Delta, alliance apply for antitrust immunity
By Lynne Marek
Bloomberg News Service
WASHINGTON Delta Air Lines Inc., the third-biggest U.S. carrier, and its international alliance partner carriers are seeking U.S. antitrust immunity to let the airlines better coordinate fares and service with Korean Air Co.
SkyTeam partners Air France SA, Czech Airlines and Alitalia SpA joined Delta and Korean Air in applying to the U.S. Department of Transportation for immediate approval of a five-year accord, Delta said in a statement. All the carriers except Korean Air won immunity for their links in January.
Antitrust immunity would let the carriers coordinate prices and schedules, helping to lower costs and increase sales.
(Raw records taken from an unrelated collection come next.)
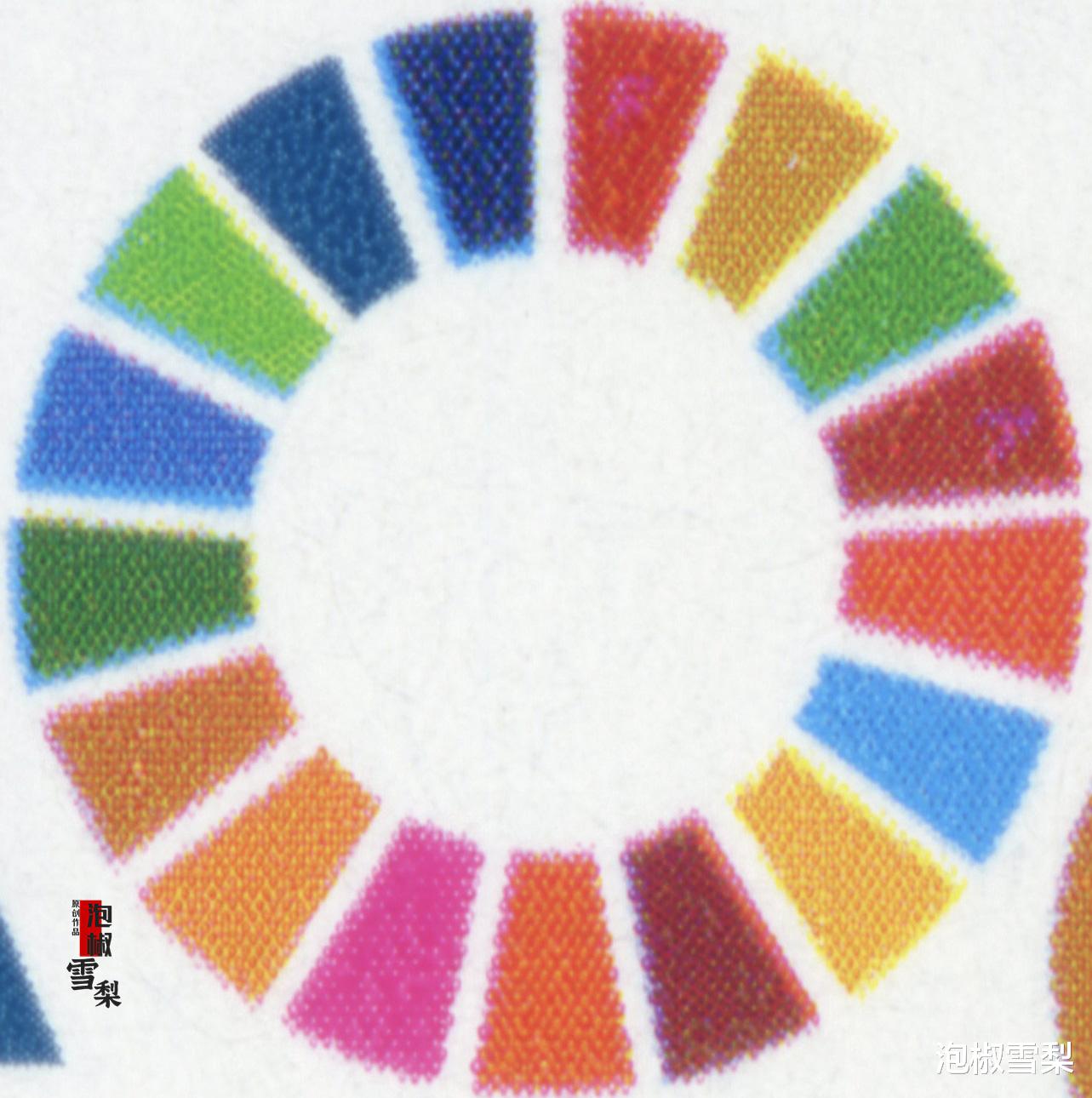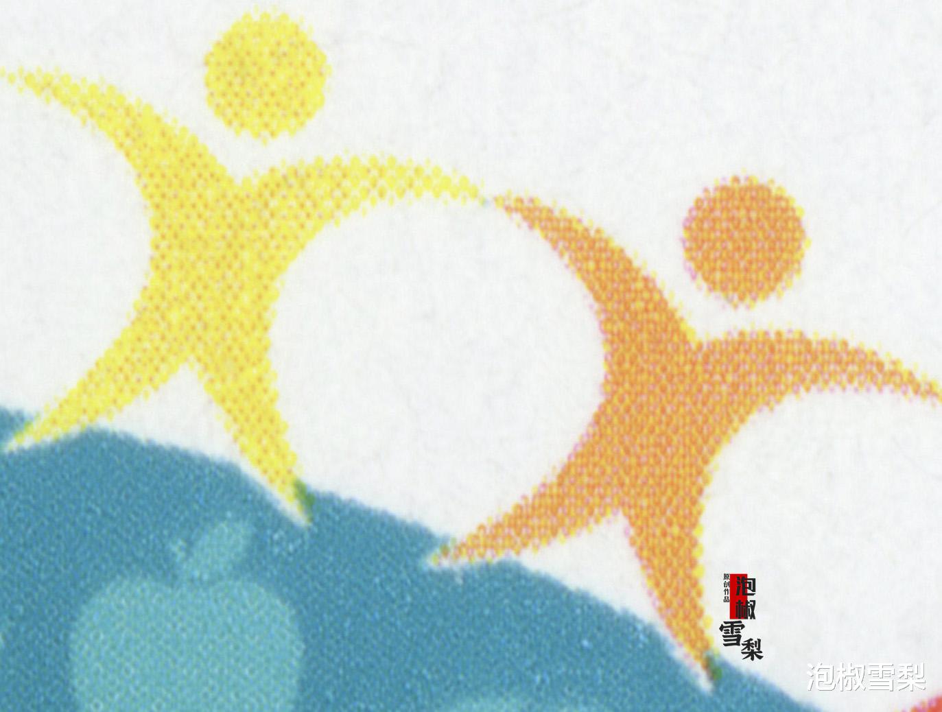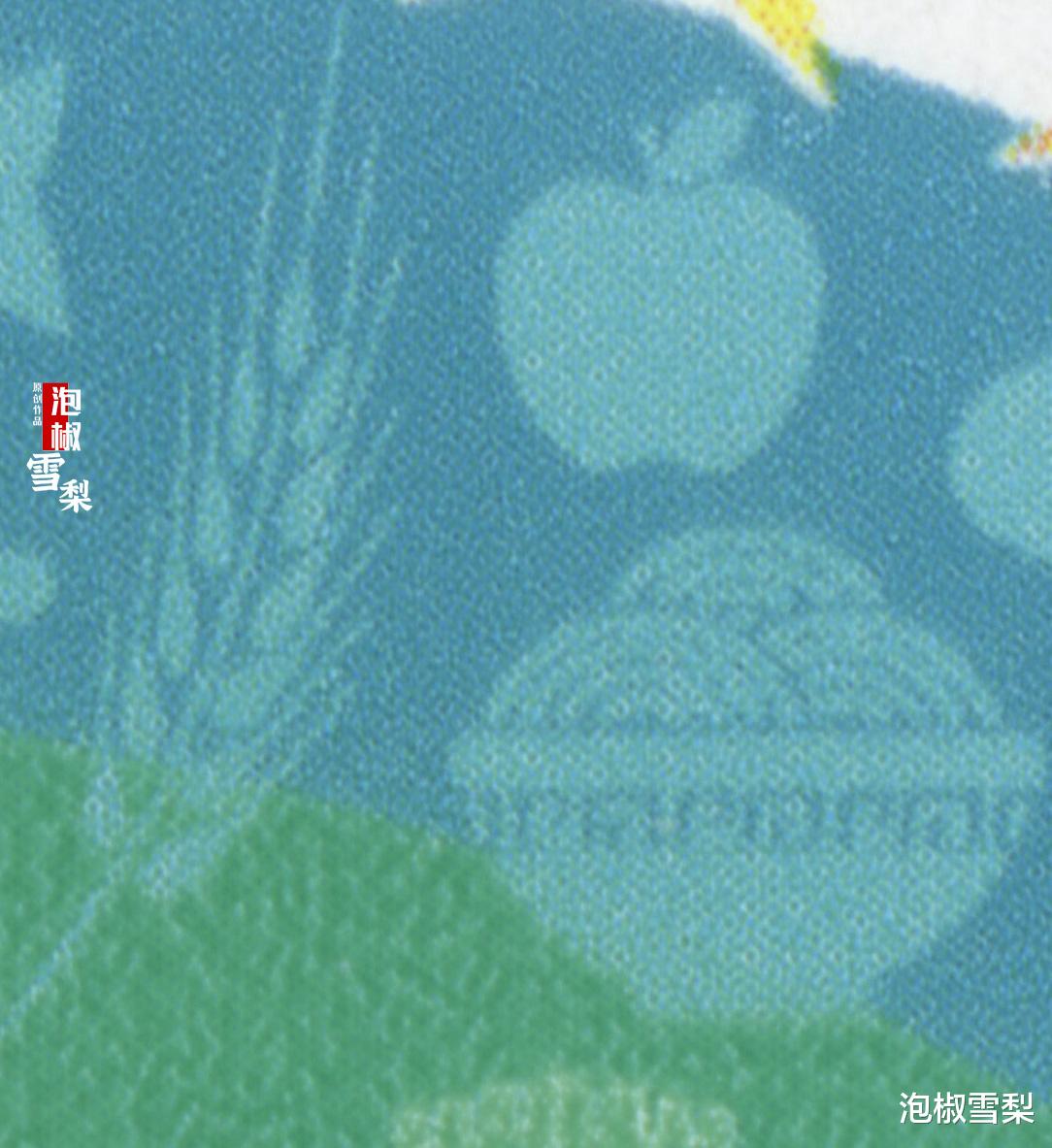 配色上整体非常亮丽,9个小人中共有8种不同颜色,有很强的象征性,各类食物图案以浅色环绕在长城周边,既表达了粮食是人类生存的基础,也彰显了2025年世界粮食日的主题:手拉手共倡多样美食,聚合力同创美好未来。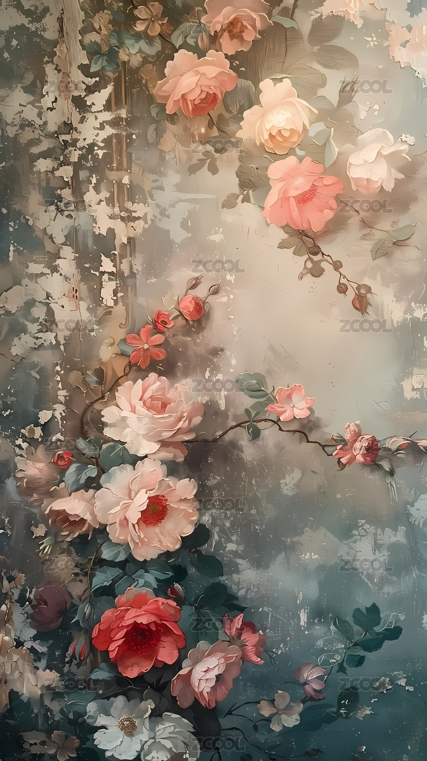 复古玫瑰油画背景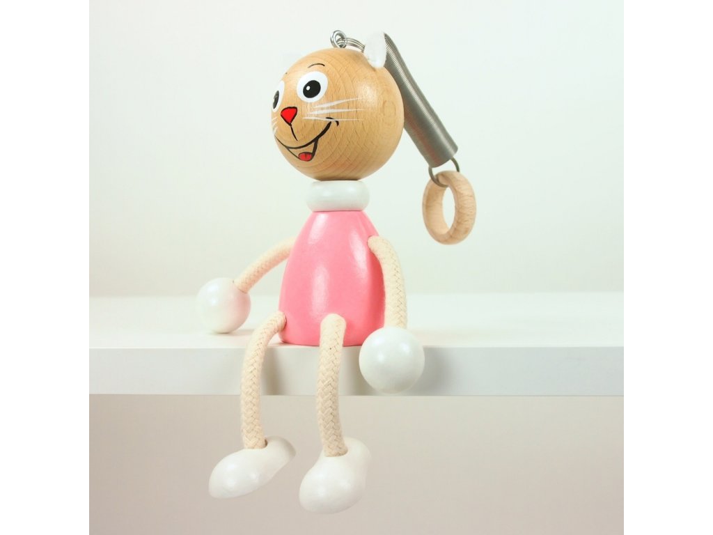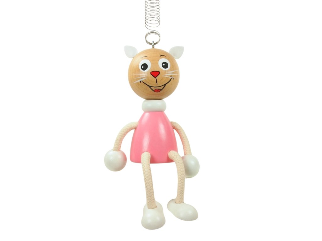 Pink kitty - wooden figure on spring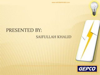 GEPCO (Gujranwala Electric Power Company) is one of the nine distribution companies in Pakistan responsible for supplying electricity to parts of Punjab province. It was incorporated in 1998 and took over the distribution network from the former Gujranwala Area Electricity Board. GEPCO's objectives include improving financial management, reducing transmission losses, ensuring reliable power supply, and facilitating customers. It operates various departments such as human resources, promotion, inquiries, and administration to carry out its functions.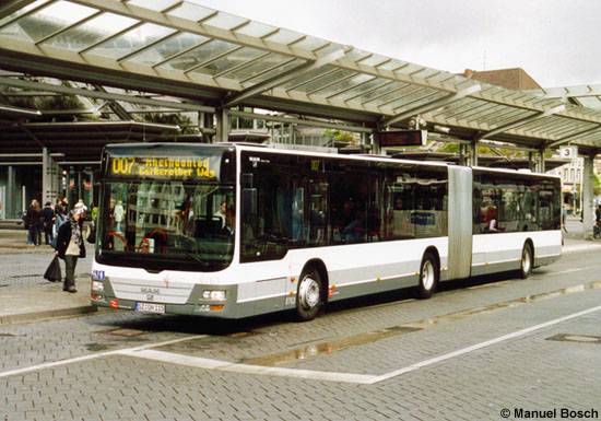 Vollständig in NVV-Ausstattung und - mit Ausnahme des roten Balkens an der Dachkante - auch entsprechender Lackierung stellte MAN im Sommer 2007 einen MAN A23 (NG 313 Lion's City) als Leihwagen zur Verfügung. Der Gelenkbus wurde auf das Kennzeichen SZ-GN 115 zugelassen, erhielt allerdings die reguläre Wagennummer 0763. Zum Jahresbeginn 2008 ging das Fahrzeug unter dem neuen Kennzeichen MG-YA 110 in den Bestand der NVV über. Noch als Leihwagen wurde es am 18.09.2007 am Mönchengladbacher Hauptbahnhof abgelichtet. | |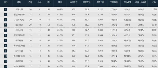 - CBA最新排名出爐!廣廈再次反超上海升第一,黑馬五連勝殺進前四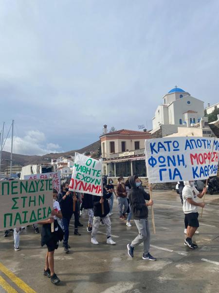 Την Δευτέρα 11-10-2021, εμείς, οι μαθητές του Γυμνασίου με Τ.Λ. Κέας, κάναμε αποχή από τα μαθήματα και πραγματοποιήσαμε πορεία στο λιμάνι του νησιού συμμετέχοντας στις κινητοποιήσεις μαθητών και σπουδαστών από όλη την Ελλάδα.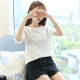 2017韩版新款女装纯色拼接上衣女宽松圆领百搭棉麻袖口系带t恤女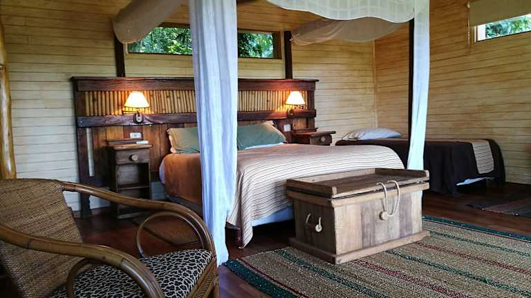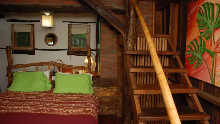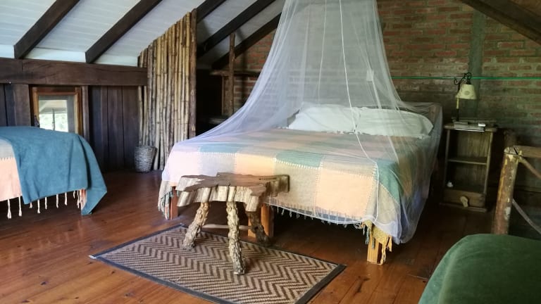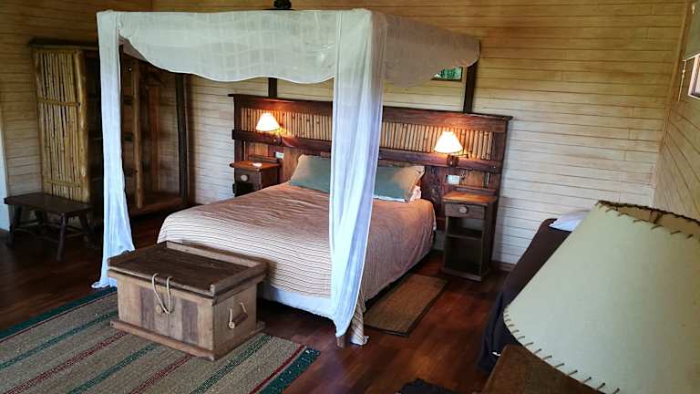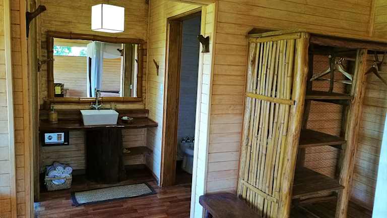 Die klimatisierten Hütten der Tacuapí Lodge sind ein echtes Highlight. Sie sind aus Recycling-Holz und Tabakblättern gebaut und bieten somit nicht nur modernen Komfort, sondern auch eine ökologische Bauweise. Die bunte Bettwäsche und das farbenfrohe Dekor verleihen den Hütten eine charmante Atmosphäre. Jede Hütte verfügt über einen hohen Balkon mit Blick auf den Salto Encantado Park, einen separaten Wohnbereich und einige bieten sogar eine eigene Whirlpool-Badewanne.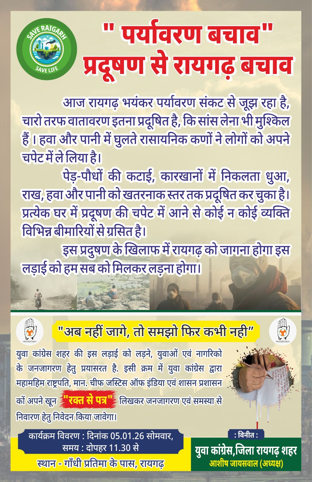 युवा कांग्रेस जिलाध्यक्ष आशीष जायसवाल ने बताया इस कार्यक्रम के माध्यम से रायगढ़ की जनता को प्रदूषण के दुष्परिणामों से अवगत कराते हुए शासन-प्रशासन का ध्यान इस गंभीर समस्या की ओर आकर्षित किया जाएगा। कार्यक्रम के दौरान युवा कांग्रेस द्वारा एक अनूठे प्रतीकात्मक विरोध के रूप में अपने खून से“रक्त से पत्र” लिखकर महामहिम राष्ट्रपति महोदय, माननीय मुख्य न्यायाधीश (सुप्रीम कोर्ट/एनजीटी) एवं संबंधित प्रशासनिक अधिकारियों को भेजा जाएगा, ताकि रायगढ़ को प्रदूषण से मुक्ति दिलाने हेतु ठोस एवं त्वरित कदम उठाए जा सकें।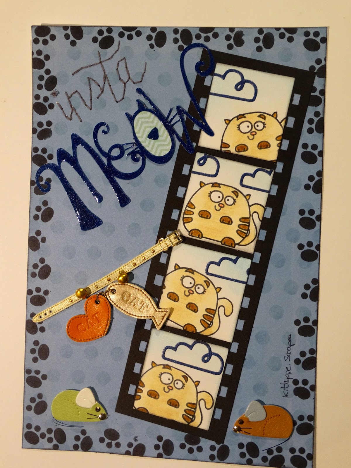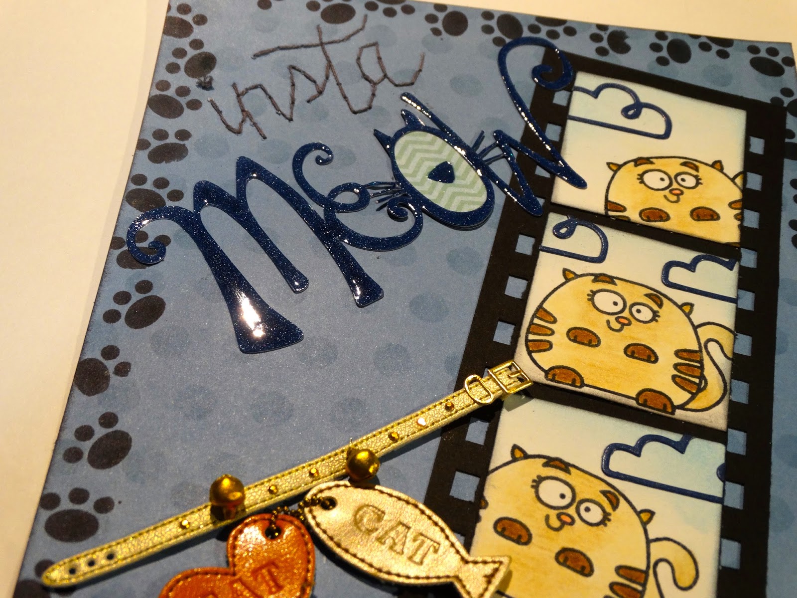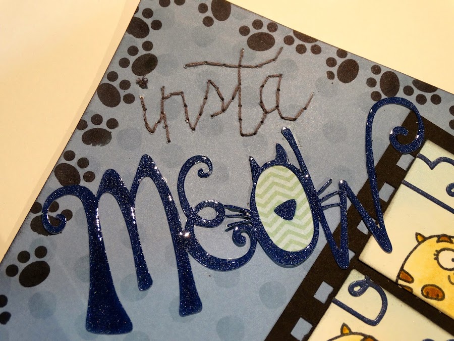 Para el título, cosí el "insta" a mano y el "Meaow" lo corté con la cameo y luego le di glossy por encima.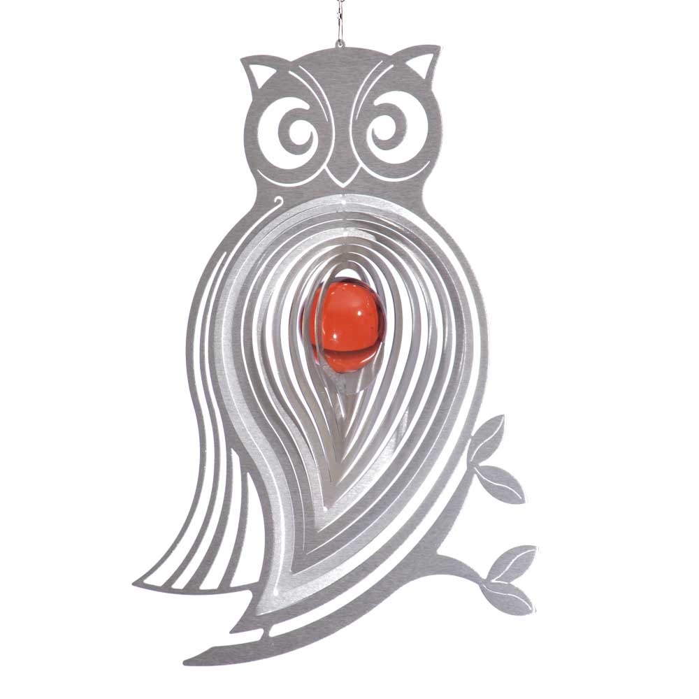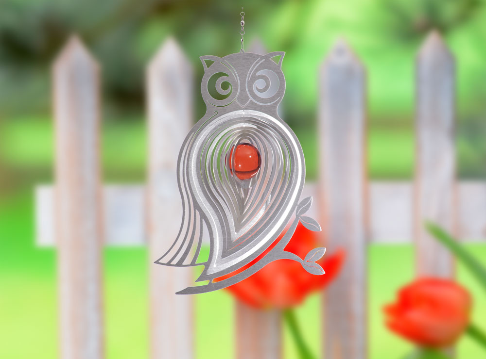 Das Edelstahl-Windspiel Eule - Athena kommt mit schillerndem Gefieder daher. Beim leisesten Luftzug dreht sich dieses naturverbundene Windspiel Eule Athena und ist ein wunderschöner Blickfang auf der Terrasse oder frei im Raum.

Delta and Air France agreed last month to resume selling seats on Korean Air flights, a joint service suspended almost three years ago after accidents at the Korean carrier.
Korean Air "fills an important gap by enabling Delta and its partners to offer alliance customers comprehensive access to destinations across Asia a region where none of the existing alliance partners has a significant presence," the carriers said in their application.
The carriers said antitrust immunity will let them work more closely on cargo services, frequent-flier programs, purchasing, technology development and advertising.
The SkyTeam group competes against other international alliances such as the Star Alliance, which is anchored by UAL Corp.'s United Airlines and Deutsche Lufthansa AG.
The applicants noted that the other major international alliances already have significant access to Asia.